## What you have to do
Each line of the data below should be restated exactly, with images left out.

[Collected data entries]
=====
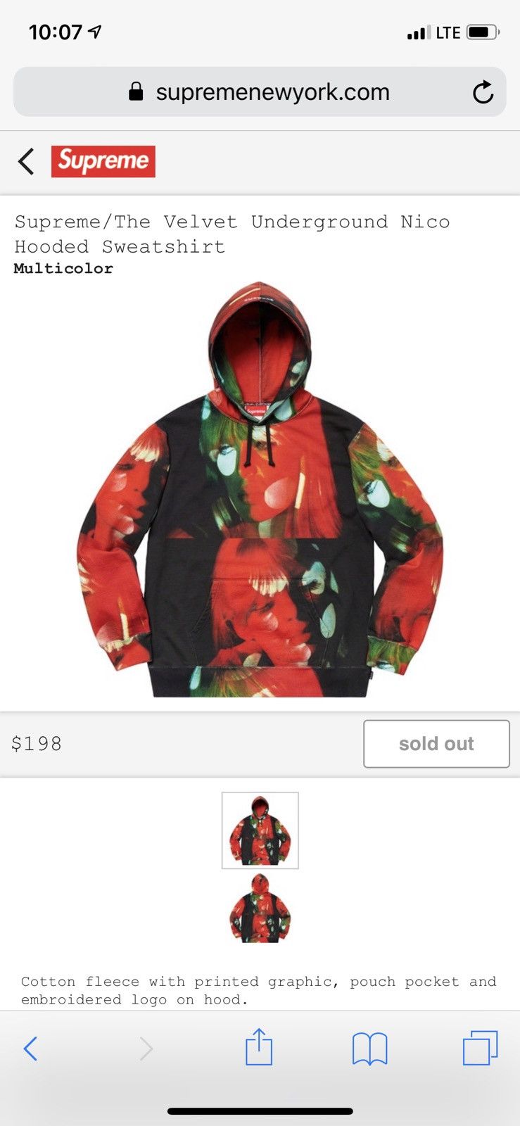 Product Item: Supreme the velvet underground nico deals hooded sweatshirt multicolor
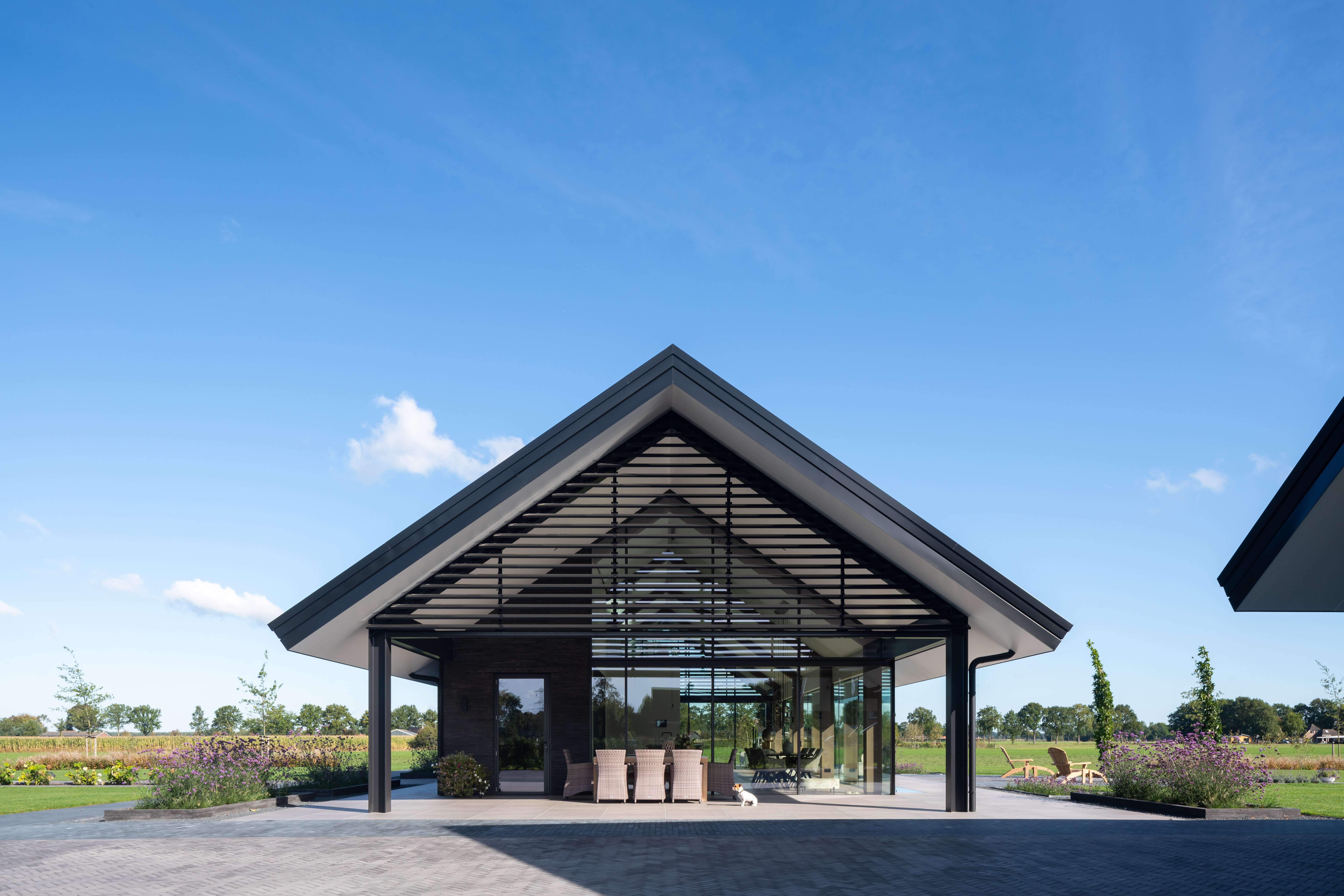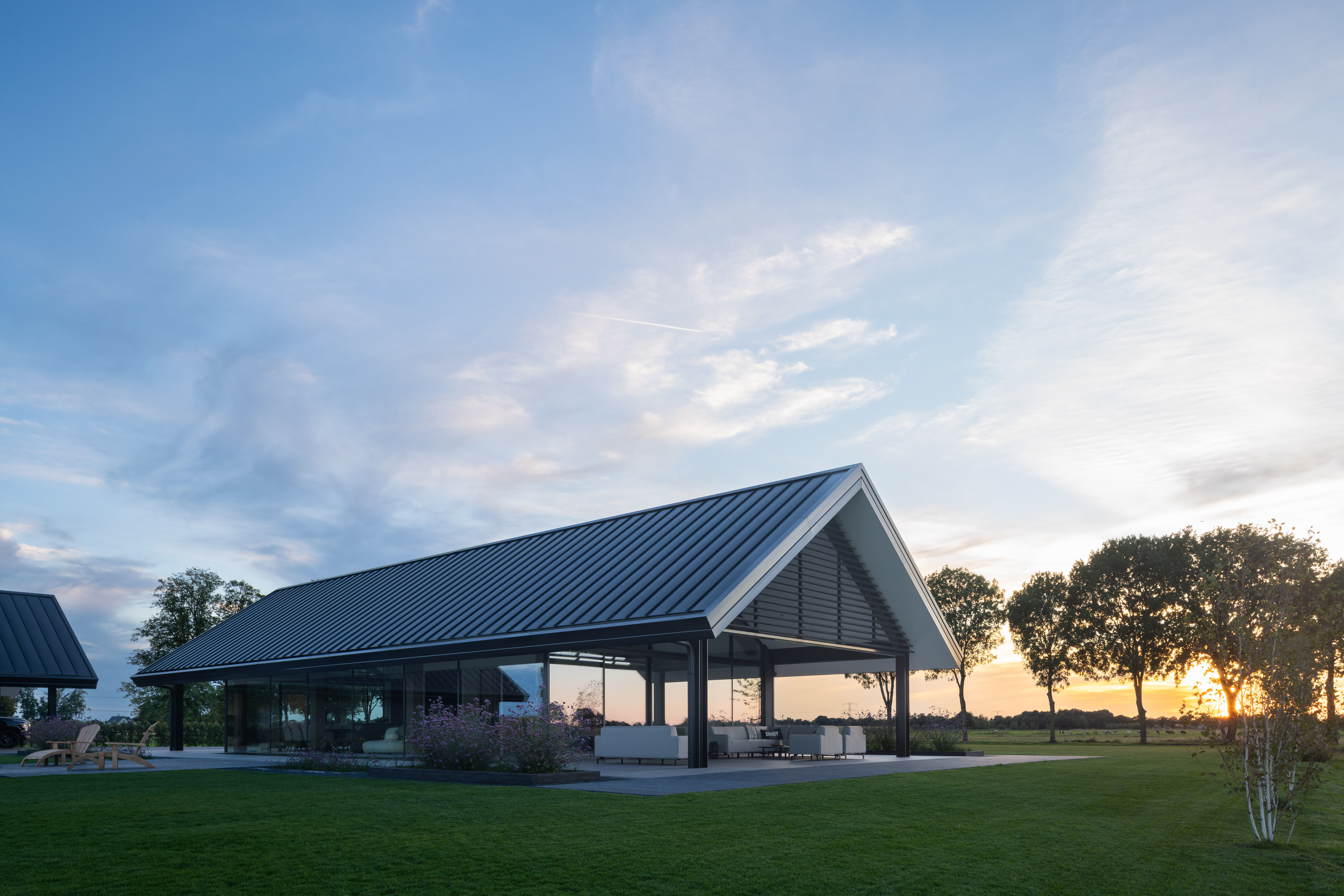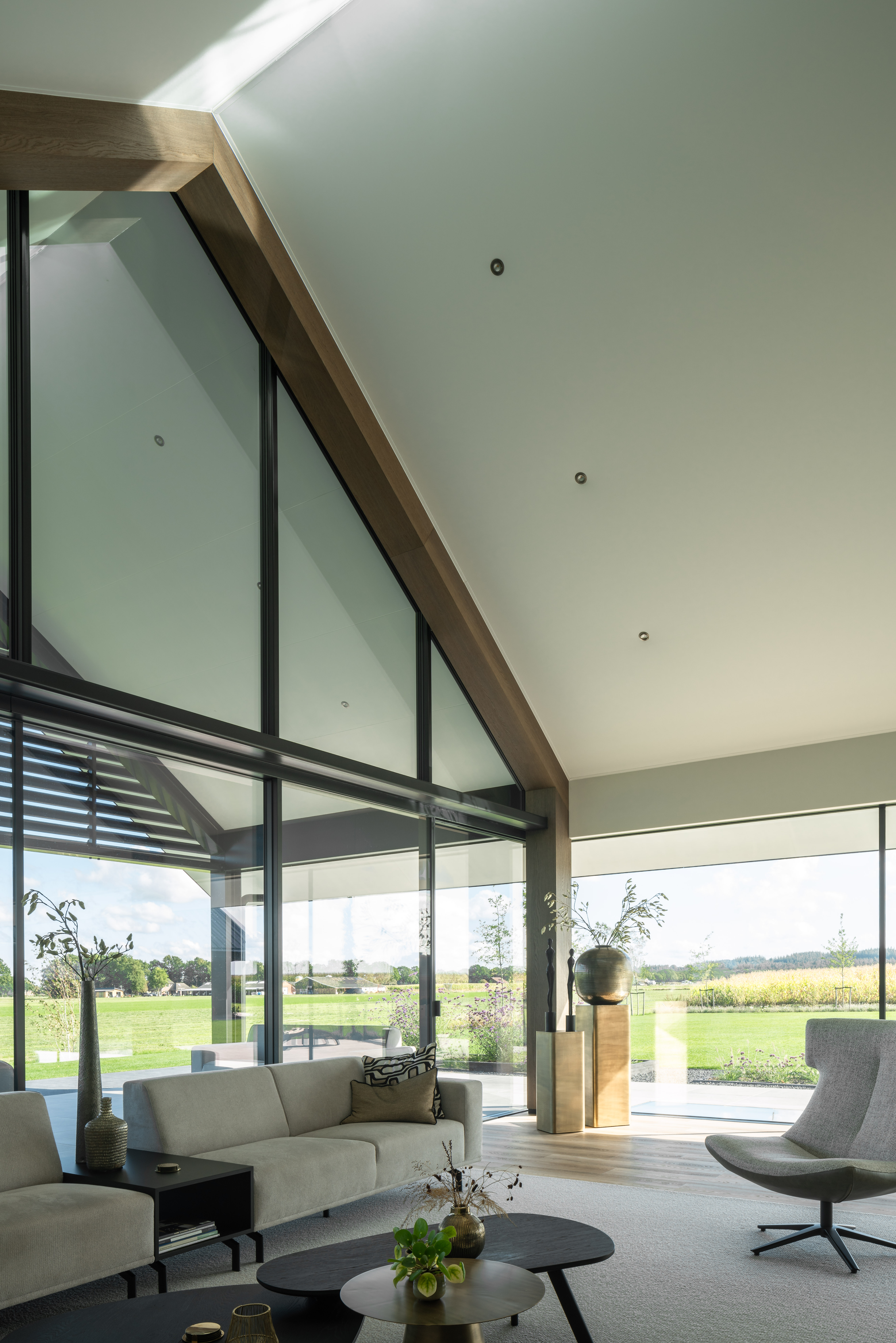 In het weidse landschap van Overijssel staat deze unieke villa die uitblinkt in rust, ruimte en transparantie. Dankzij een zorgvuldig samenspel van ultra slanke raamprofielen, volglazen deuren en horizontale schuifsystemen ontstaat een woning waarin daglicht en uitzicht centraal staan.
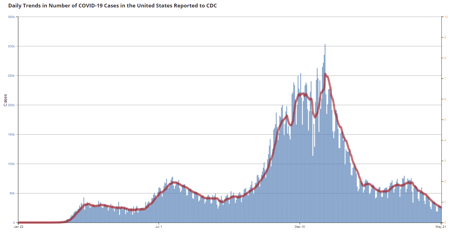 The 7-day average is 25,315, down from 26,362 yesterday, and down sharply from the recent peak of 69,881 on April 13, 2021. This is the lowest since June 15, 2020.
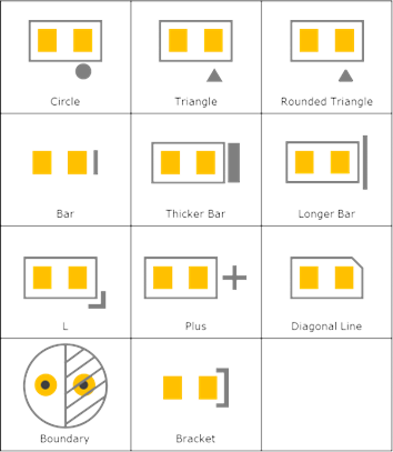 Allowable polarity mark types in PollEx DFM are as follows: If the following types of polarity marks are detected in the searching area, PollEx DFM recognizes that the component has a polarity mark.
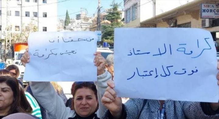 More than two weeks have passed since the strike of public school teachers and their consecutive protests in various regions, with the latest taking place yesterday in front of the Saray in Halba, while the government continues to completely ignore their demands. Dozens of teachers from different categories (vocational, primary, secondary, part-time...) gathered yesterday in front of the Saray in Akkar to demand their rights, with the participation of local leaders and figures who came to support their rightful demands. The teachers carried slogans and banners they made by hand, including messages like: “The dignity of the teacher is above all consideration... We have the right to live with dignity...” expressing the depth of their pain.
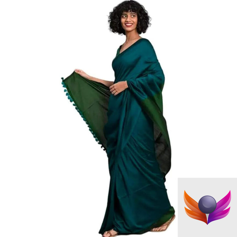 Women’s Traditional Handloom Cotton Saree with Tassels and Unstitched Blouse Piece
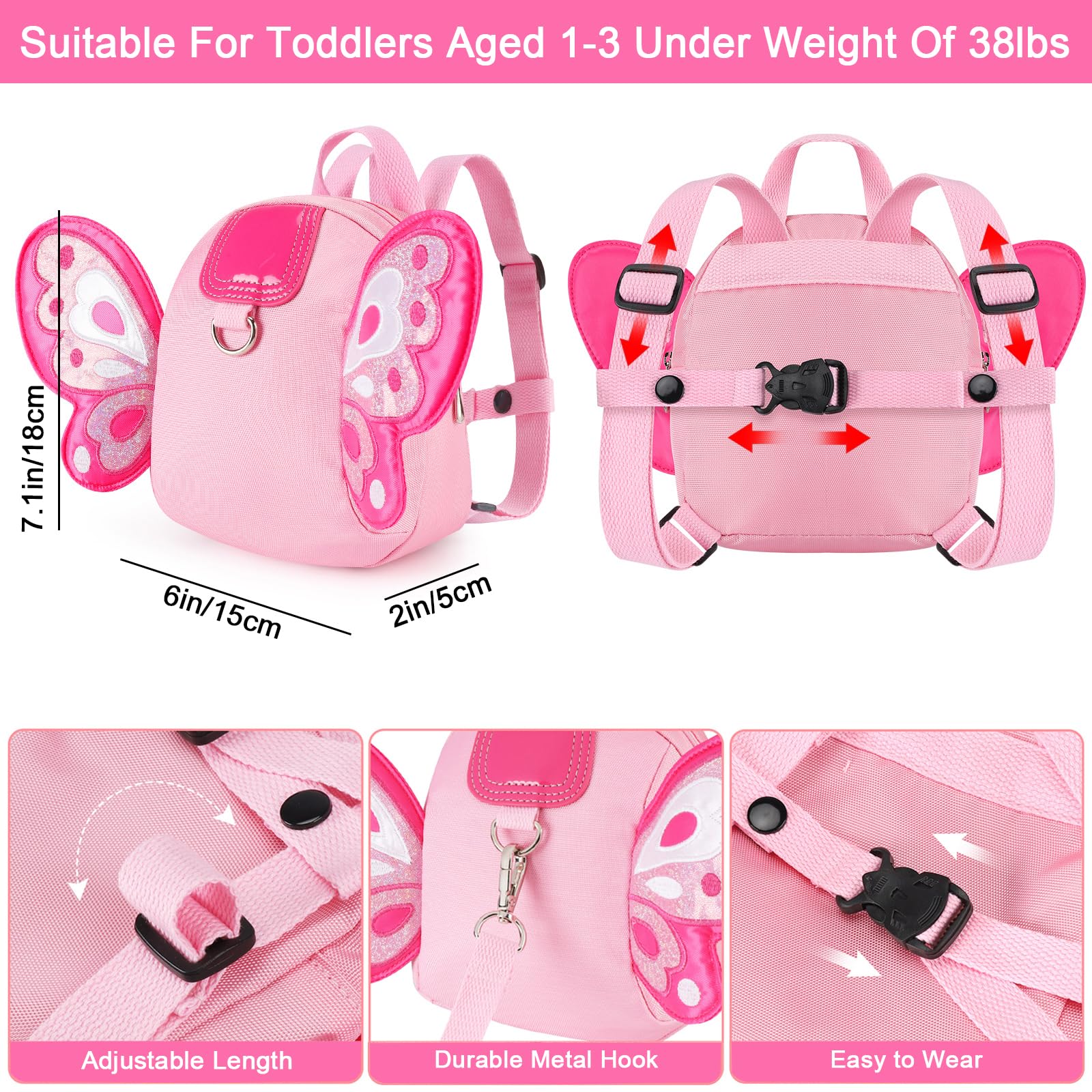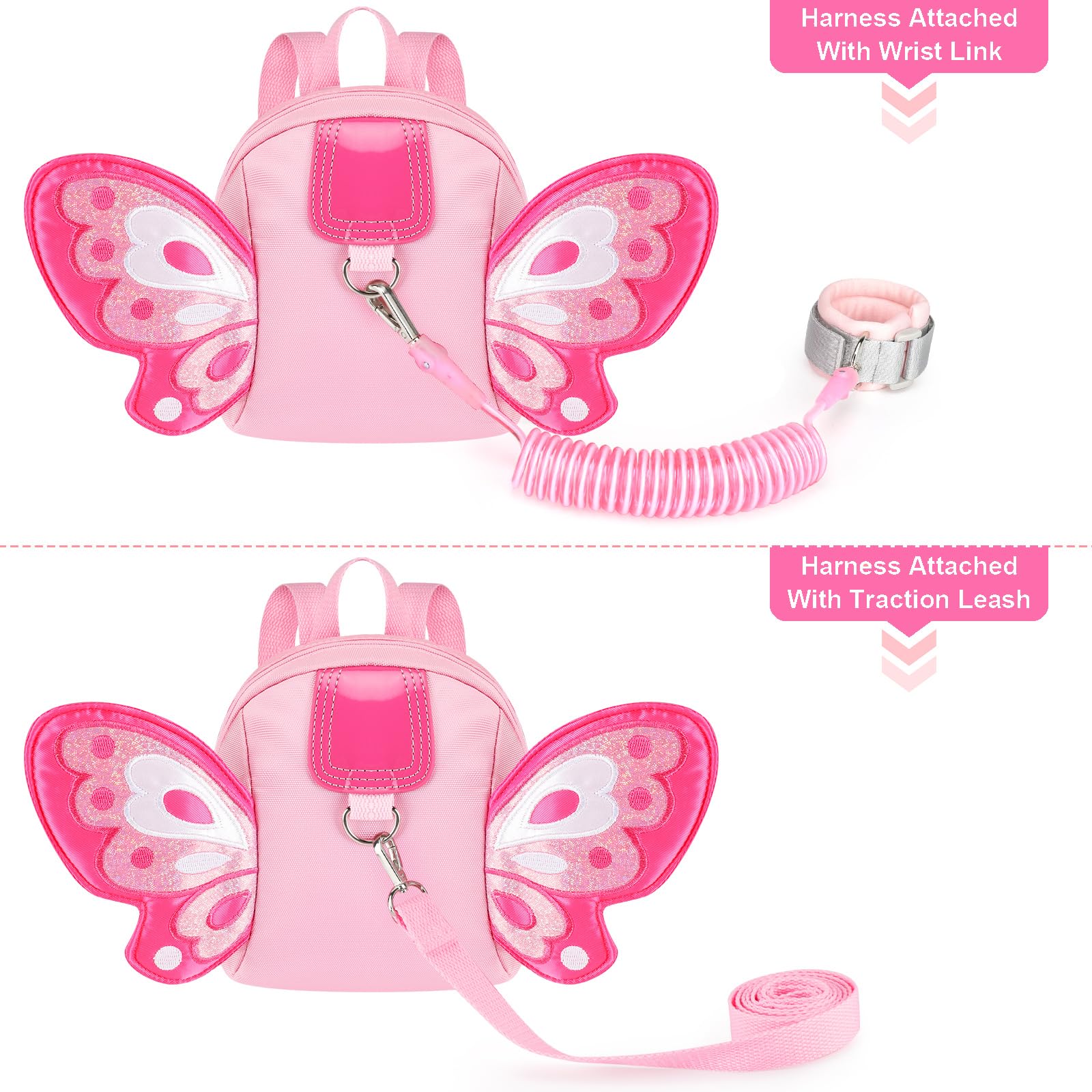 - Q: What is included in the package when purchasing this backpack? A: The package includes the butterfly kids backpack harness, a removable toddler leash, and an anti-lost wrist link.
=====
## Exercise output
 Product Item: Supreme the velvet underground nico deals hooded sweatshirt multicolor
 In het weidse landschap van Overijssel staat deze unieke villa die uitblinkt in rust, ruimte en transparantie. Dankzij een zorgvuldig samenspel van ultra slanke raamprofielen, volglazen deuren en horizontale schuifsystemen ontstaat een woning waarin daglicht en uitzicht centraal staan.
 The 7-day average is 25,315, down from 26,362 yesterday, and down sharply from the recent peak of 69,881 on April 13, 2021. This is the lowest since June 15, 2020.
 Allowable polarity mark types in PollEx DFM are as follows: If the following types of polarity marks are detected in the searching area, PollEx DFM recognizes that the component has a polarity mark.
 More than two weeks have passed since the strike of public school teachers and their consecutive protests in various regions, with the latest taking place yesterday in front of the Saray in Halba, while the government continues to completely ignore their demands. Dozens of teachers from different categories (vocational, primary, secondary, part-time...) gathered yesterday in front of the Saray in Akkar to demand their rights, with the participation of local leaders and figures who came to support their rightful demands. The teachers carried slogans and banners they made by hand, including messages like: “The dignity of the teacher is above all consideration... We have the right to live with dignity...” expressing the depth of their pain.
 Women’s Traditional Handloom Cotton Saree with Tassels and Unstitched Blouse Piece
 - Q: What is included in the package when purchasing this backpack? A: The package includes the butterfly kids backpack harness, a removable toddler leash, and an anti-lost wrist link.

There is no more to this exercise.